Jun 26, 2006 00:56
ah its storming pretty good out there in that night time. but i like the way it sounds. oh those summer storms.
mmm so this weekend was filled with parties. claires on friday. my cousins grads yesterday. and then we went to my dads like aunts house in chicago for a little bbq.
they, by the way are very old. these aunts. and i havent seen them in like i dont even know how many years. almost forever. but i remember going there one time when i was younger. and when they were younger. and we had really yummy sandwiches. i dont know why i remember that so well. we had some cheeseburgers today. and some yummy cake. and other stuff.
and then on the way home we were driving thru Franklin Park...the town my parents grew up in and the town where my grandma lived and theres alot of memories tied there..because we would go out there alot. and i was remembering when my grandma lived out there. and she used to watch me all the time.
amazing how after all these years all these memories...especially childhood ones, stick with you, and you remember them as if they happened yesterday.
i too, still and struggling with the idea that this is summer. i havent done many summery things. i guess
these parties helped a bit. but i dont know.
i sleep until half the day is over. then i just sit there...watch some tv...eat some food. lots of ppl cant do anything because of summer school. and then on like days when i have softball games and i get up at like 12:30...i dont have all that much time to even hang out anymore. blahhhh
somethin needs to happen.
im excited tho. because 4th of july is like the ultimate summer thing. to me anyways. like carnivals and like bbq's and fireworks and being with friends and celebrating. like idk. gives me a happy feelings.
and plus july 5rd...white sox game. im pretty excited. and then theres fireworks...which tops it all off!
and since im going with awesome ppl [schmidty, suzanne, rusty, kirsten, and mike] it should be funn.
....rusty is a weirdo...but thats okay, i guess.
i hope that the 4th turns out good. the 3rd too. and then after that too and i hope it does give me that good happy summery feeling...and i hope that i can spread that happiness to people who really need it.. one person in particualar
...im sure ya all know who. but he really needs it. he hasnt been happy and i dont know how to help him. but it kills me to see everything getting messed up and not working out for him...even tho he is always trying so hard. Always. and it just blows up in his face. i hate it.

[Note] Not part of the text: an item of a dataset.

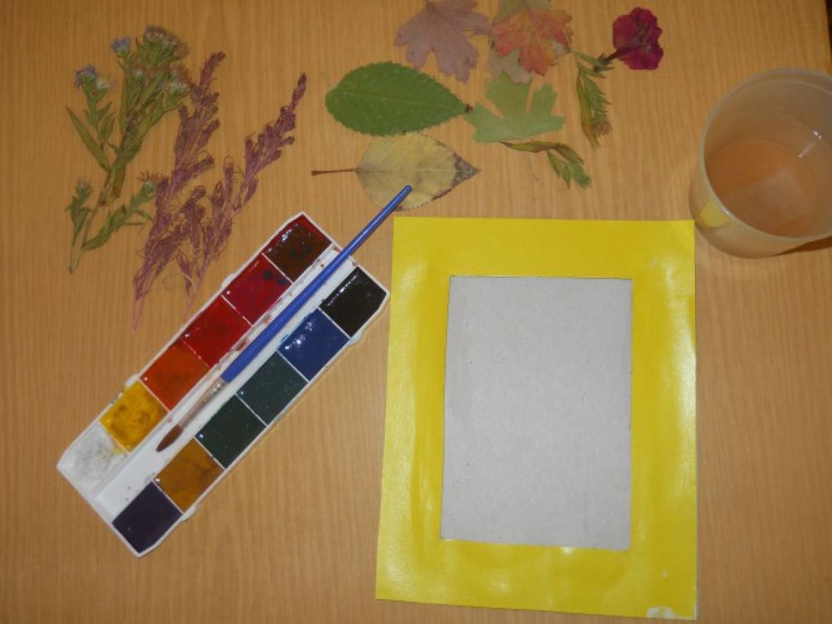 1. Для работы потребуется: два листа картона размером 15см. на19 см. ; карандаш, клей, ножницы,акварельные краски, кисточка, ёмкость для воды,засушенные листья и цветы.
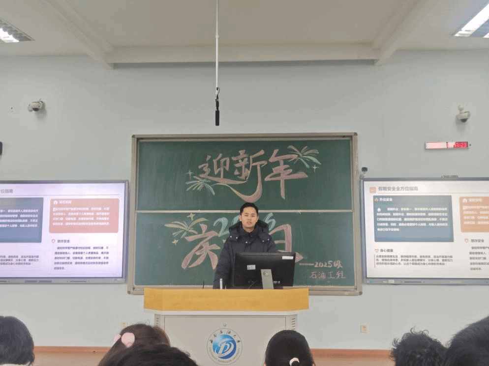 2025年12月31日上午11时,我院石油工程2025级1-2班、10-11班年级大会在思学楼C210顺利召开,此次会议重点部署辅导员工作交接、元旦及寒假安全注意事项、期末备考动员等工作任务。学院党委副书记钱广、辅导员何敏、上官自然及唐雨涵出席会议,全体同学参会。

the only thing i can do is be there for him. but sometimes i dont know if thats enough. but at least im there. always. im so unconditional for him. thats how i want it. unconditional.
damn this rain is like coming down so hard. its pretty cool.
i kinda lost my train of thinking.
i couldve gone on longer...because i was thinking of other stuff too earlier and i was like hmm this is something to contemplate and put in an lj entry. but now i dont much remember. and plus i dont really feel like it anymore.
im gonna go to bed and listen to this rain.